One of the hottest meme tokens of early May has turned into one of the worst-performing in the past fortnight.

The value of Shiba Inu has plunged 78 per cent since May 11,  in part thanks to Ethereum founder Vitalik Buterin dealing the doggy token a devastating “rugpull” using coins that had been sent to him unasked for.

Shiba tokens were trading for US0.000011c this morning, down from 0.000035c on May 11. That’s still enough to make to meme coin the No. 29 crypto, with a total value of an astonishing US$4.2 billion, on trading volume of US$1.4 billion.

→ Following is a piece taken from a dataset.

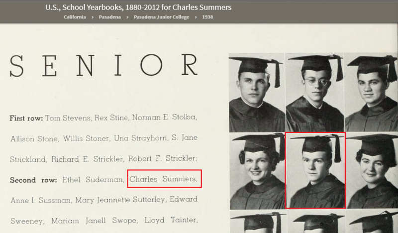 Charles Luther Summers was born on 23rd March 1918 in Cedar Rapids, Iowa. At a young age Charles and his parents moved to Pasadena, California. In 1938 Charles was a Senior at Pasadena Junior College.

The token is supposed to power a “decentralised meme ecosystem” including ShibaSwap, a decentralised exchange that has yet to materialise but will be presumably similar to Uniswap and SushiSwap.

“ShibaSwap is undergoing security tests, audits and final updates to prepare for a safe launch,” the token’s website says.

The developers of the coin are anonymous but a lengthy expose published on WordPress used a variety of clues to tentatively ID them as an Iranian software developer; a Peruvian national living in Moscow; and a Spanish national living in Spain.

The poster accused the developers of slowly “rugging” the project to the tune of US$70 million.

“Get out, fast (in my opinion),” the user wrote.

It was tough to verify any of the writer’s claims which are largely circumstantial.


 

Yeet rugpulled

“Rugpulls” have become distressingly common in the world of “decentralised finance” (defi) tokens, which rely on coins being essentially locked in a liquidity pool for trading.

While traditional cryptocurrencies like Dogecoin or Bitcoin aren’t controlled by developers, with defi tokens the developer generally retains the keys for the liquidity pool and can drain it at any time, generally rendering the tokens worthless.

The holders of tiny Yeet Token appeared to be victims of a rugpull yesterday, with the coin’s social media channels shut down, its website vanished and its liquidity pool drained.

The coin’s subReddit, which has 2,400 “Yeeters,” was rife with recriminations yesterday.

“Really trusted what was happening. Thought this was different. Now I don’t know what to think. Disappointment and betrayed. Never putting a single dollar to a *hitcoin again, None of them can be trusted,” one person wrote.

“If someone can come off this legit and still rug then no community is immune.”

Still the Shiba Army appeared to be going strong on social media yesterday, with rapper Meek Mill yesterday tweeted to his 10 million followers that he was buying the meme coin.